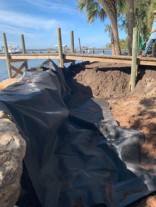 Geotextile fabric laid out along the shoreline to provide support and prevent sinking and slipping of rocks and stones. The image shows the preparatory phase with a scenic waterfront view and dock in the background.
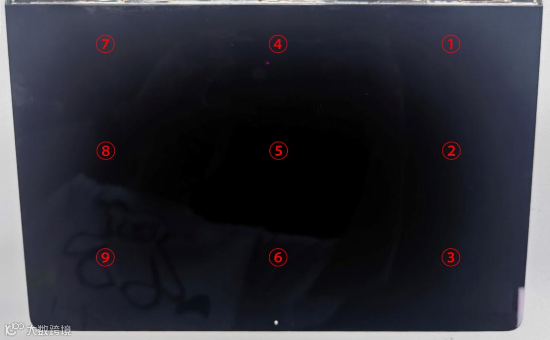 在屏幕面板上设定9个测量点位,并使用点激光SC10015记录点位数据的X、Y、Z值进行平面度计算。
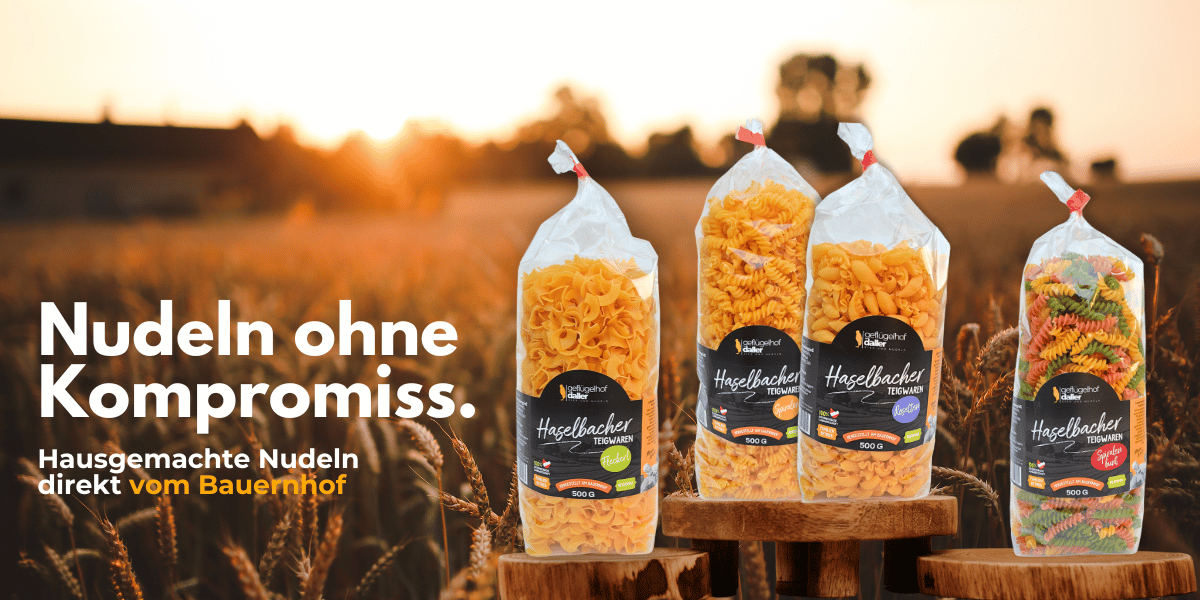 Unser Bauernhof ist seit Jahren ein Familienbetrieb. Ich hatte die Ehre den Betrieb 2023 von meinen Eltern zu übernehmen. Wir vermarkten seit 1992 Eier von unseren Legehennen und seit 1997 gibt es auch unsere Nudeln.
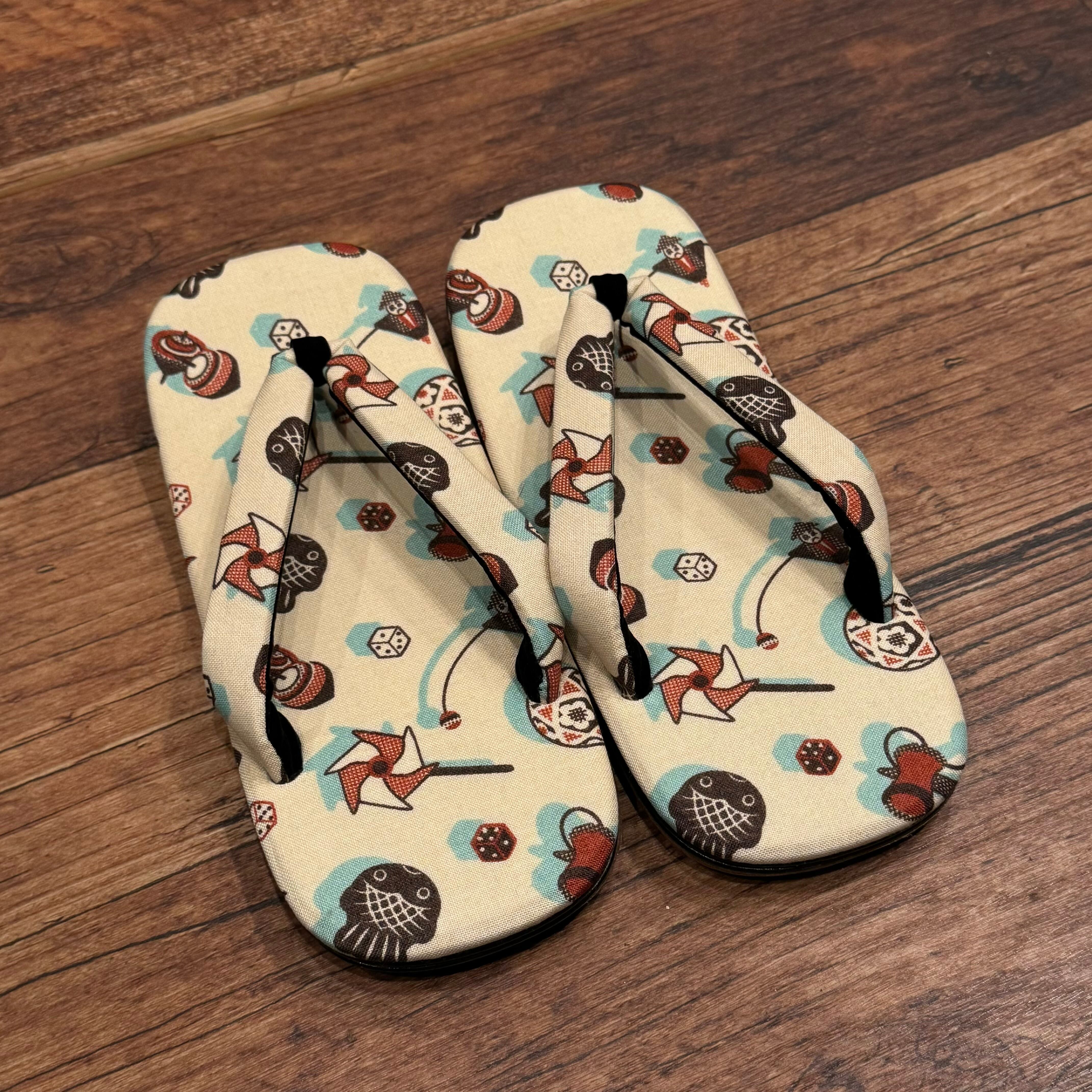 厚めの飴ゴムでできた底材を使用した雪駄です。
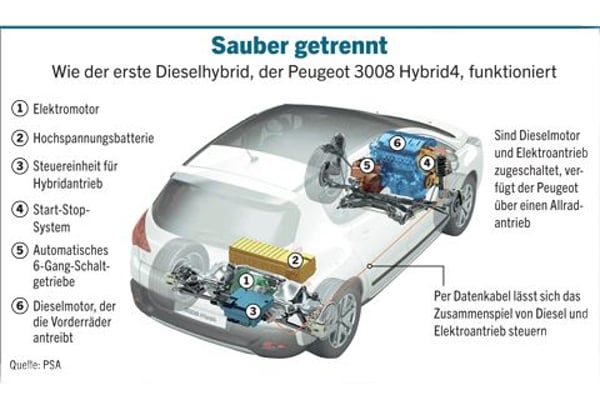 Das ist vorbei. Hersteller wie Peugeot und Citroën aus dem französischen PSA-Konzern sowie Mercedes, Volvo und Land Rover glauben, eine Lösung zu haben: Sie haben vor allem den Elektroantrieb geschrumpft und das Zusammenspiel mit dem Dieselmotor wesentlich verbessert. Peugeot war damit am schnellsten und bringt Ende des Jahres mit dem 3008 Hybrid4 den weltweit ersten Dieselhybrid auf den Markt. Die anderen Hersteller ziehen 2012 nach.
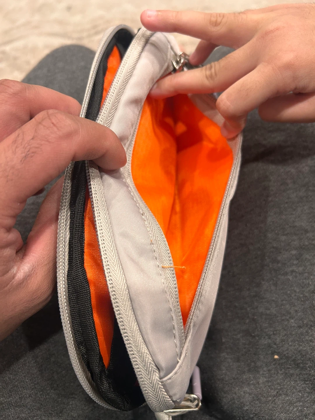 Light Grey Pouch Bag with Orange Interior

**WHAT TO PRODUCE**. In the listing above, find the line holding "在屏幕面板上设定9个测量点位" and the line holding "厚めの飴ゴムでできた底材を使用した雪駄です。". Reproduce those two lines and all between them exactly, leaving out pictures.

**EXPECTED OUTPUT**.
 在屏幕面板上设定9个测量点位,并使用点激光SC10015记录点位数据的X、Y、Z值进行平面度计算。
 Unser Bauernhof ist seit Jahren ein Familienbetrieb. Ich hatte die Ehre den Betrieb 2023 von meinen Eltern zu übernehmen. Wir vermarkten seit 1992 Eier von unseren Legehennen und seit 1997 gibt es auch unsere Nudeln.
 厚めの飴ゴムでできた底材を使用した雪駄です。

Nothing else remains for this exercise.